Страница 25 из 49
– А почему все-таки «Дмитрий Александрович»?
– Ну, это старая история… Я помню, когда был молодым, у меня был такой знакомый старый художник – Федор Васильевич Семенов-Амурский, и вот он всегда говорил: «Вот, в наше время “Дима” да “Вася” – так только кучеров звали, а вот мы с Елизаветой Измайловной всегда на “вы” и по имени-отчеству». И вот когда мы приходили к нему, он настаивал, чтобы все друг друга по имени-отчеству звали. Ни у кого это не привилось, а мне показалось интересным, а потом и вписалось в мою специфическую систему этикетности поведения. Мне это потом действительно пригодилось, чтобы отодвинуть поэта Дмитрия Александровича Пригова от просто живущего.
– Очень интересно получилось!
– Если бы не получилось, что-нибудь другое вышло.

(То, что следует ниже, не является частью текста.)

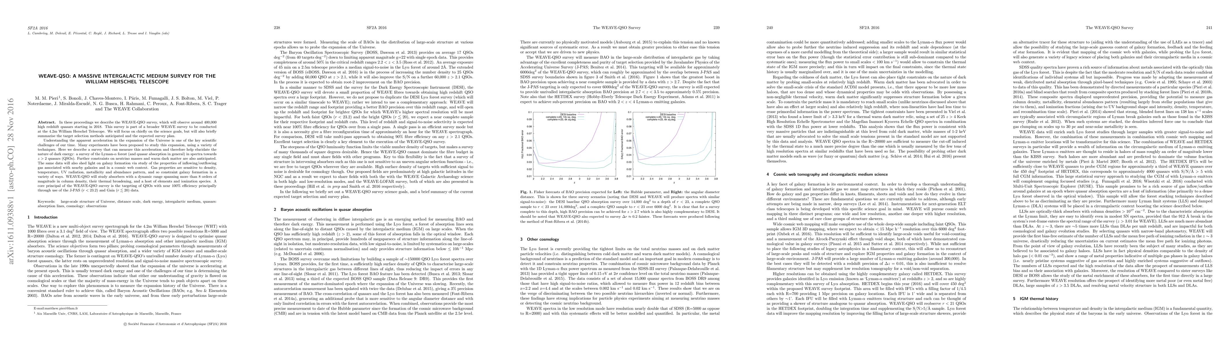 The WEAVE-QSO survey aims to observe around 400,000 high-redshift quasars to study the Lyman-alpha forest and dark energy, leveraging the William Herschel Telescope. It targets quasars with near 100% efficiency using J-PAS and Gaia data to explore the intergalactic medium and galaxy formation.
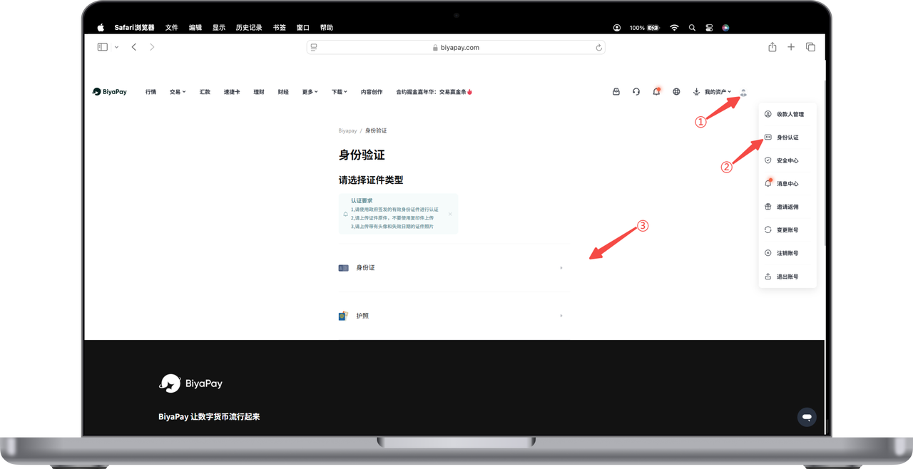 点击网页右上角头像图标,进入个人中心,点击【身份认证】,选择【身份证】或者【护照】认证
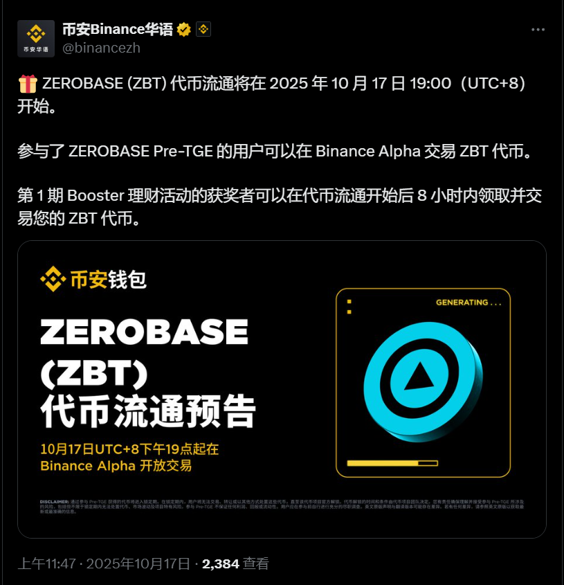 币安钱包:ZEROBASE (ZBT) 代币流通将在 10 月 17 日 19:00 开始
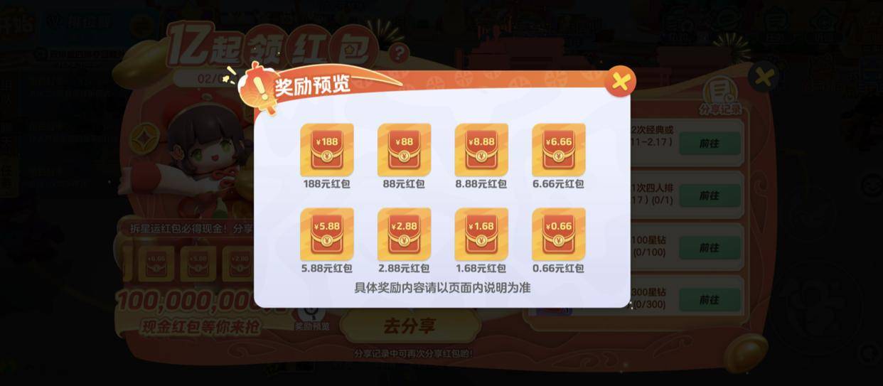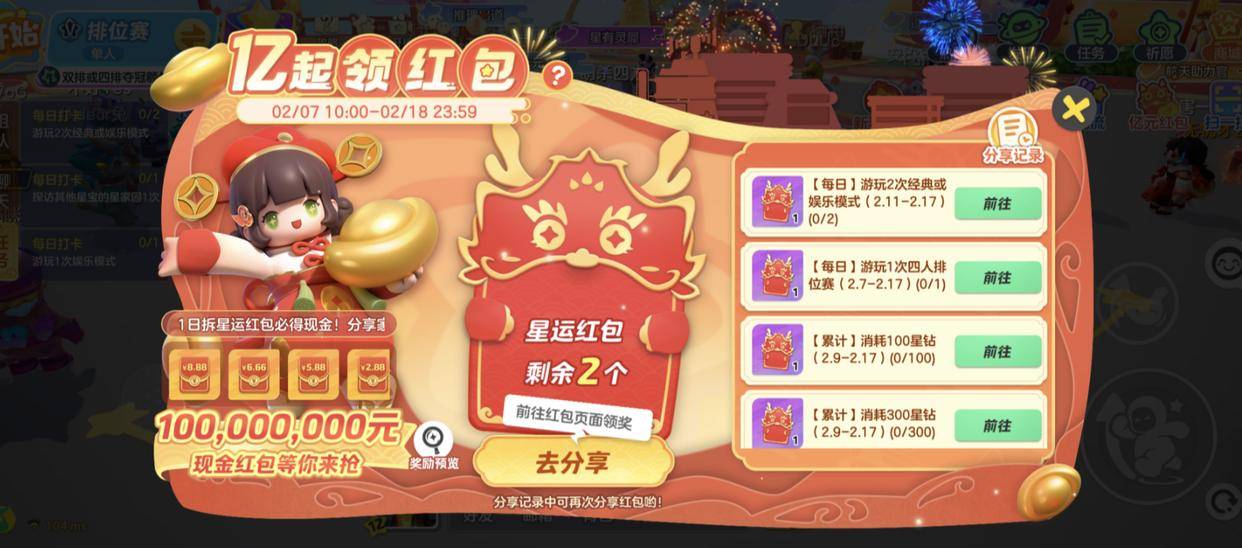 大年初二的活动规则也跟昨日如出一辙,各位星宝只需要登陆游戏后,点击并参与“亿元红包”活动,便可领取并分享“星运红包”。并且通过点开星搭子分享的红包链接,单个账号最高可领取五个“星运红包”。
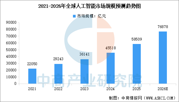 中商情报网讯:随着技术的快速进步、投资的持续激增以及人工智能产品在各行业的广泛应用,人工智能技术正深刻催生全球经济和社会的变革与创新。中商产业研究院发布的《2025-2030年中国人工智能产业现状调查及未来趋势研判报告》显示,全球人工智能市场规模呈指数级增长,从2020年的19141亿元扩大到2024年的45518亿元,复合年增长率为24.2%。中商产业研究院分析师预测,2026年全球人工智能市场规模将达到76878亿元。
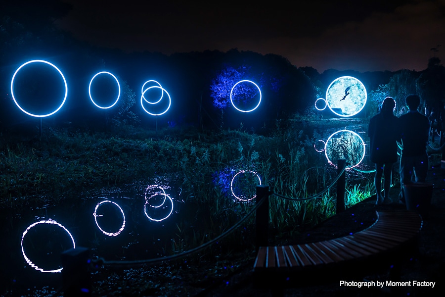 Oriens Lumina is situated in the grounds of the Nine Trees Future Art Centre, in Shanghai’s suburban Fengxian district. Inspired by elements of ancient Chinese mythology and old Fengxian traditions, an original storyline was developed in consultation with local experts. It has been brought to life by weaving sound, lighting, projection mapping and interactive elements together to highlight the natural surroundings, serving as a night time experience which complements events held at the art centre.
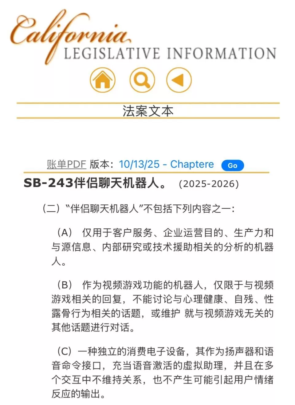 2025年10月,美国加州州长率先签署“参议院第243号法案”(SB 243),宣布将对AI陪伴型聊天机器人进行监管。

«В культуре возникла потребность нового искреннего высказывания…»44
Беседа с А. Черняковым
2003
—Дмитрий Александрович, если посмотреть на литературный процесс в целом, возникает впечатление, что литература альтернативы,«бэкстрима» развивает эротическую тему значительно активнее, нежели литература «первого порядка». Если брать в качестве примера новую русскую литературу, естественно, вспоминается ранний авангард: Крученых, Терентьев, Зданевич, Хармс, Введенский и многие другие – и так до литературы последней трети века и порубежья веков. Мне кажется, это более чем наглядно иллюстрирует антология «Русские цветы зла» В. Ерофеева. Возможен ли, по вашему мнению, такой взгляд?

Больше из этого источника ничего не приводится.